# A pretty good deal on my old Gen 1 Diesel



## justin13703 (May 2, 2016)

Looks like you took good care of it. Thanks for putting it out there for more people to see.


----------



## BDCCruze (Jul 12, 2017)

Looks like it's gone now.

Mind sharing what you got on the trade and what the listing price was? Kinda curious what dealer markup is. Hard to calculate though because they could give more on trade and just make the new vehicle more expensive to make up for it.


----------



## MRO1791 (Sep 2, 2016)

BDCCruze said:


> Looks like it's gone now.
> 
> Mind sharing what you got on the trade and what the listing price was? Kinda curious what dealer markup is. Hard to calculate though because they could give more on trade and just make the new vehicle more expensive to make up for it.


Sorry for the delay, for some reason the app and the site are very inconsistent with sending me notices.. 

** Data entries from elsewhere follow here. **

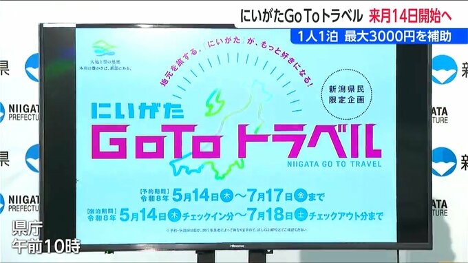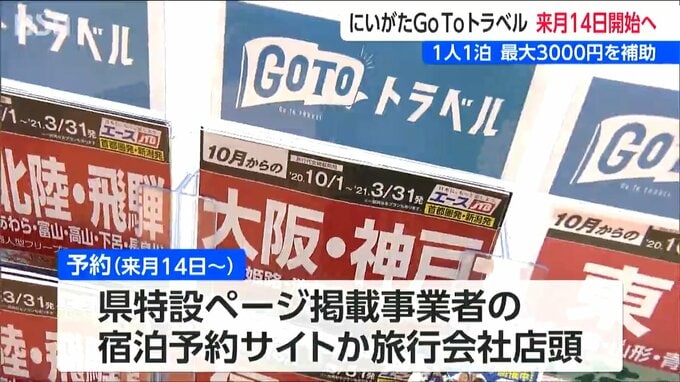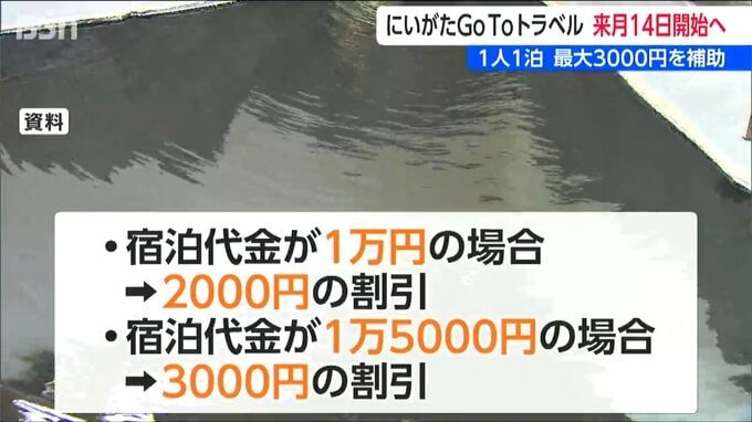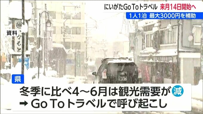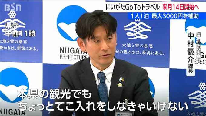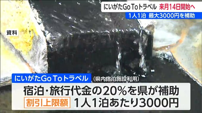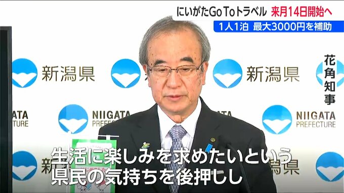 新潟県内の宿泊料金の20パーセントを支援する、県版「GoToトラベル」が来月14日から始まります。最大3000円の割引額となり、県は観光需要の喚起に期待しています。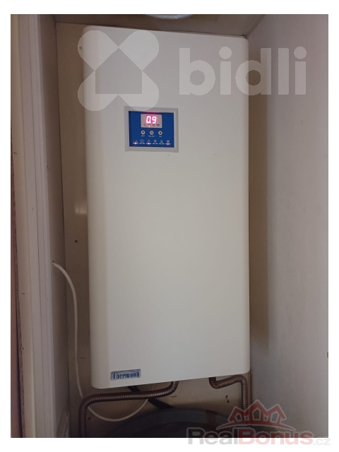 Ve střední části je technická místnost s elektrickým kotlem Thermona, který zajišťuje vytápění radiátory a bojler na ohřev vody. Dále zde najdete chodbu, koupelnu se sprchovým koutem, umyvadlem, WC a koupelnovou skříňkou. Další pokoj-dvě postele a vestavěná skřín.
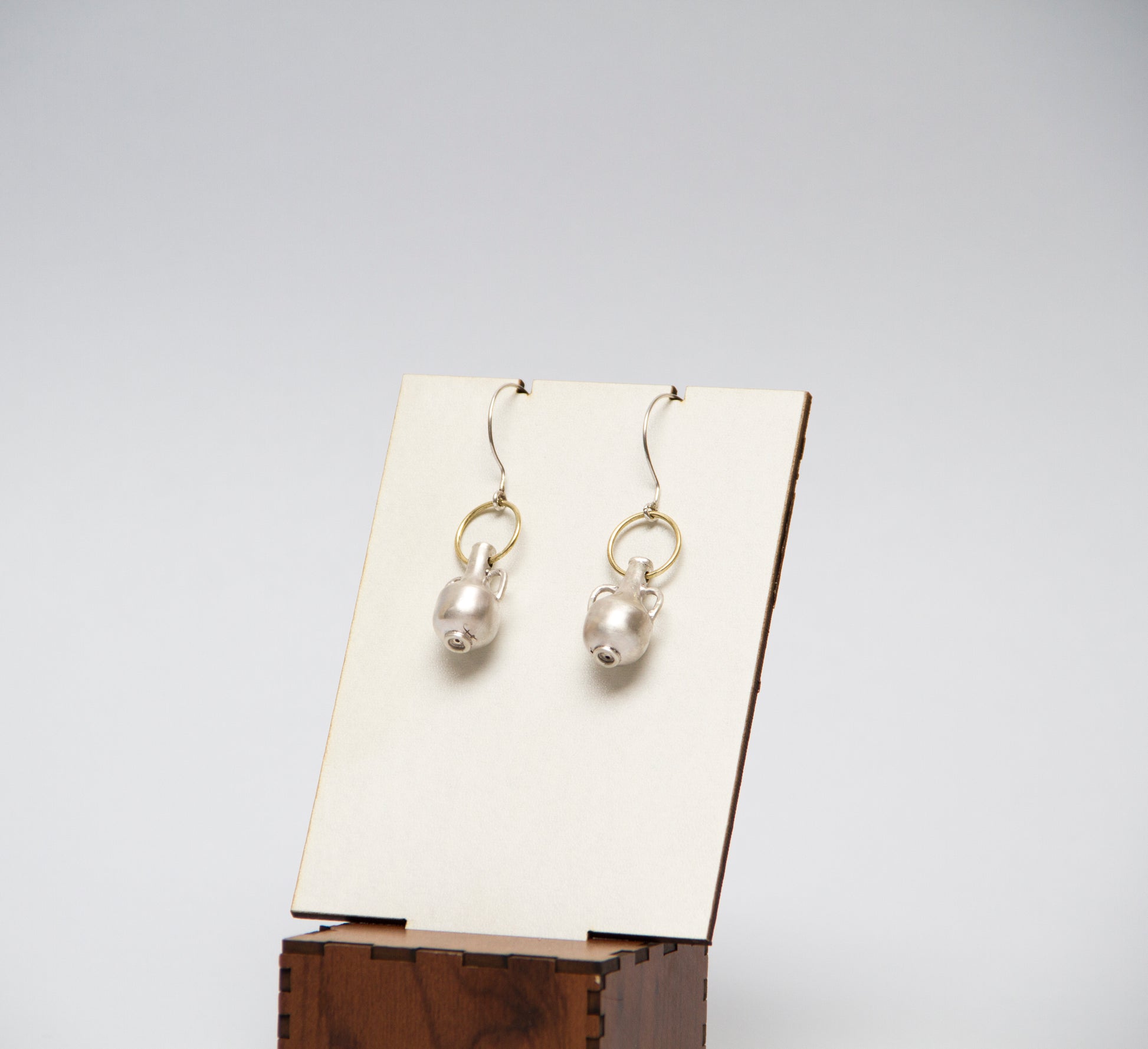 An ode to metalsmithing and pottery forms, this mini bottle container swings off the ear, playfully showing its open-top hollow nature.

I was initially offered $10K for the trade (that is way too low). I had another dealership offer $11K sight unseen, over e-mail. I told this dealership that they had to match that or it was no deal. They reluctantly did. USAA rated a car in premium condition at trade value $11,340. It might have been just a shade from the most premium condition, really the car was in very good shape, so I figured $11K was fair. I also knew they could get that and more for the sale, so they were in no danger of taking a loss.


----------



## skip66 (Jan 29, 2016)

If anyone is interested, I have a 2014 Cruze diesel that is getting too small for us. 31000 miles. price negotiable.


----------